Description
Engraving on hand laid (verge) paper. on paper.
Size in cm: The overall size is ca. 20.6 x 29.8 cm. The image size is ca. 14.4 x 18 cm. Size in inch: The overall size is ca. 8.1 x 11.7 inch. The image size is ca. 5.7 x 7.1 inch.
Antique print, titled: ‘Tout se pert avec le temps.’ – (‘Everything is lost with time’). The figure of Time (personified) tramples one figure (with bow and arrow and wearing a lion’s pelt) and raises his scythe for a second figure on the ground (holding a caduceus). The Three Graces embrace each other in a doorway on the left. From: ‘La Doctrine des Moeurs […]’ printed by Louys Sevestre for Pierre Daret, Paris, 1646. First edition. Author: Marin le Roy de Gomberville.
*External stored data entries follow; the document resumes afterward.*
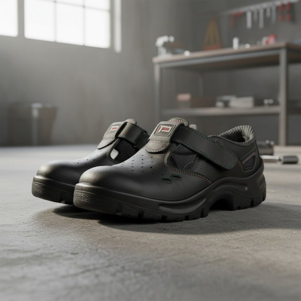 Lehké a prodyšné pracovní sandály s protiskluzovou a antistatickou podrážkou z polyuretanu nabízejí maximální pohodlí i bezpečnost při práci. Splňují normu EN ISO 20347 (O1 SRC) a jsou vhodné pro dlouhodobé nošení. Odolný svršek z kůže a lehká konstrukce (500g) snižují únavu nohou. Výhody a přednosti Tyto pracovní sandály kombinují pohodlí s bezpečností. Vyznačují se protiskluzovou a antistatickou podrážkou z dvojdílného polyuretanu, která je odolná vůči pohonným hmotám a zároveň absorbuje energii v patě pro snížení nárazů. Svršek z prodyšné kůže zaručuje optimální klima pro vaše chodidla po celý pracovní den. Lehká konstrukce (pouhých 500 g) snižuje únavu nohou. Sandály jsou vyrobeny v EU a splňují normu EN ISO 20347 (O1 SRC), což zaručuje vysokou kvalitu a spolehlivost. Použití a určení Sandály jsou ideální pro profesionální využití v různých odvětvích, kde je vyžadována ochrana nohou a zároveň je potřeba pohodlí a prodyšnosti. Jsou vhodné pro pracovní prostředí, kde hrozí kontakt s oleji a jinými chemikáliemi. Vhodný výběr pro dlouhodobé nošení, eliminující únavu a nepohodlí. Materiálové složení Svršek je vyroben z kvalitní lícové kůže, která je odolná a zároveň prodyšná. Podešev je z vysoce odolného dvouhustotního polyuretanu, který zajišťuje skvělou přilnavost a odolnost proti mechanickému poškození. Podšívka je z prodyšné polyesterové síťoviny, která odvádí pot a udržuje nohy v suchu. Sandály neobsahují ocelovou tužinku.
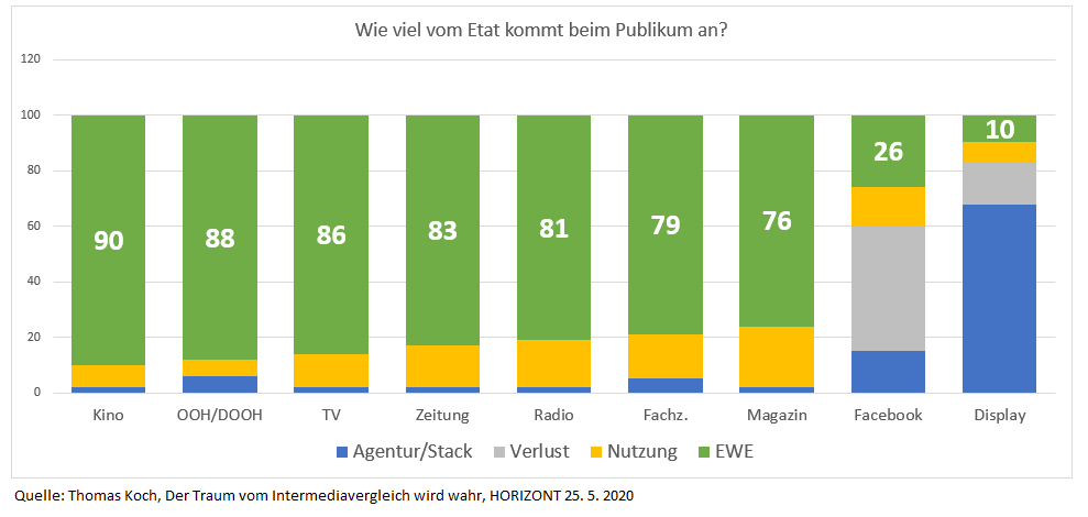 Der Etat-Werbemittel-Effizinez-Faktor von Thomas Koch – Deutschlands Mister Media – beruht auf einer recht einfachen Überlegung: wie viel vom Bruttogeld kommt denn effektiv bei einem Werbekanal und in weiterer Folge bei den Nutzern an.
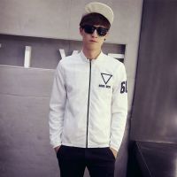 步来褶惠2017秋季新款时尚纯色夹克男修身袖口贴标立领外套夏
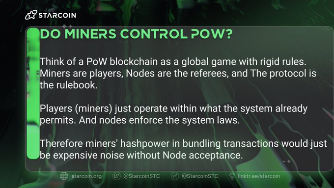 用 Starcoin 打破迷思💥 大多數人認為礦工控制工作量證明(PoW)鏈 但事實遠不止表面理解那麼簡單。
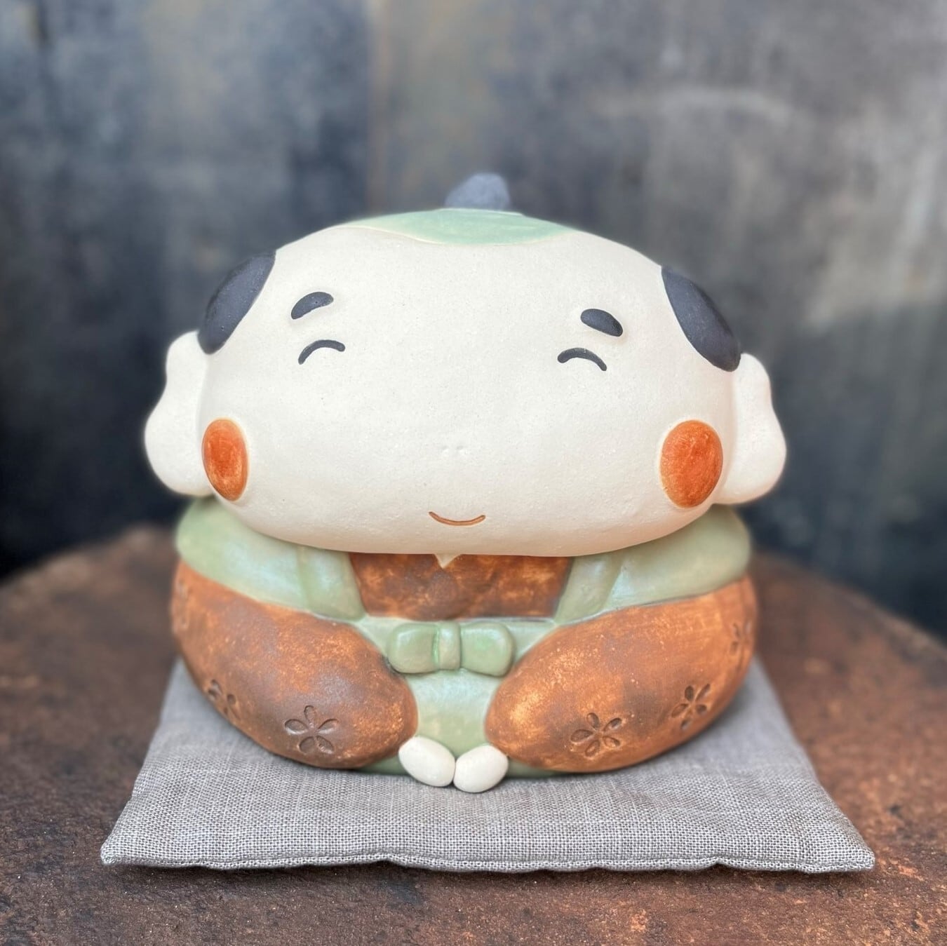 にこにこ福助さん 座布団(中)付き O-224 陶製/Fukusuke/福助/फुकुसुके

Made by order of Mazarin for the instruction of the young Louis XIV. The plates are copies in reverse after Otto van Veen’s emblems in ‘Q. Horatii Flacci Emblemata.’ Ref: Brunet II 1658.Artists and Engravers: Made by ‘P. Daret’ after ‘Otto Vaenius’. Otto van Veen, also known by his Latinized name Otto Venius or Octavius Vaenius, (c.1556-1629) was a painter, draughtsman, and humanist active primarily in Antwerp and Brussels in the late sixteenth and early seventeenth century.
Condition: Good, given age. A faint stain in the top left margin and left edge of the image. A small stain in the lower right margin. Creasing in the left margin, just below image area. General age-related toning and/or occasional minor defects from handling. Please study scan carefully.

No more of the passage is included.